● **Directions**: Exact copy, no pictures: return only the lines below from the line with "Contoh Soal Calistung" up to and including the line with "A well rendered".

● **Information supplied**:
------------

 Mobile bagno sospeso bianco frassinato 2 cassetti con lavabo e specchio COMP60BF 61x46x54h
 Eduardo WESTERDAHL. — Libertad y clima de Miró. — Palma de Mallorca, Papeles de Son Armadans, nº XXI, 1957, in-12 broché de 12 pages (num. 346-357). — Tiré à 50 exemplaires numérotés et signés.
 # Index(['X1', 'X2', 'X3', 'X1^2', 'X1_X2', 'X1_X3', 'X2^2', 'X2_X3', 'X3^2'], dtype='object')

------------

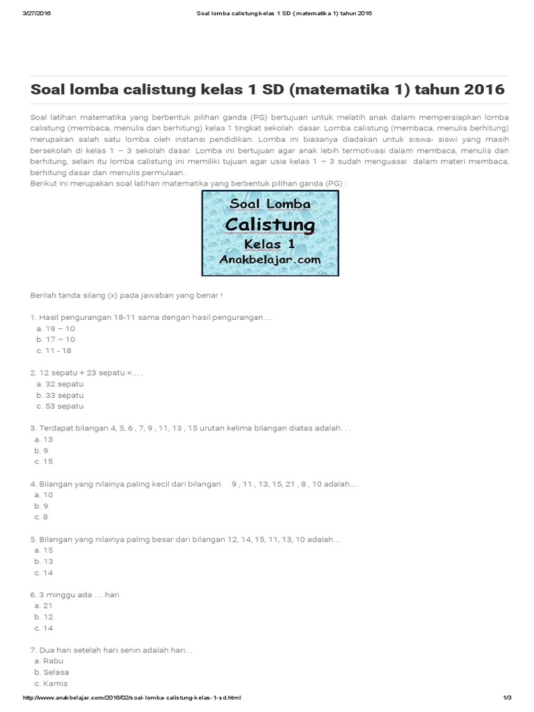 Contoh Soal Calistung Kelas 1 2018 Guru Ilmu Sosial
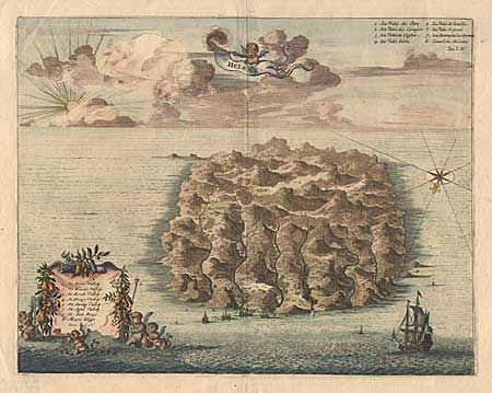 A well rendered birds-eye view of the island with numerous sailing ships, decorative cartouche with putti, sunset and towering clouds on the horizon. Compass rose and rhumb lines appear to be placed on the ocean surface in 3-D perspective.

------------

● **Solution to this task**:
 Contoh Soal Calistung Kelas 1 2018 Guru Ilmu Sosial
 A well rendered birds-eye view of the island with numerous sailing ships, decorative cartouche with putti, sunset and towering clouds on the horizon. Compass rose and rhumb lines appear to be placed on the ocean surface in 3-D perspective.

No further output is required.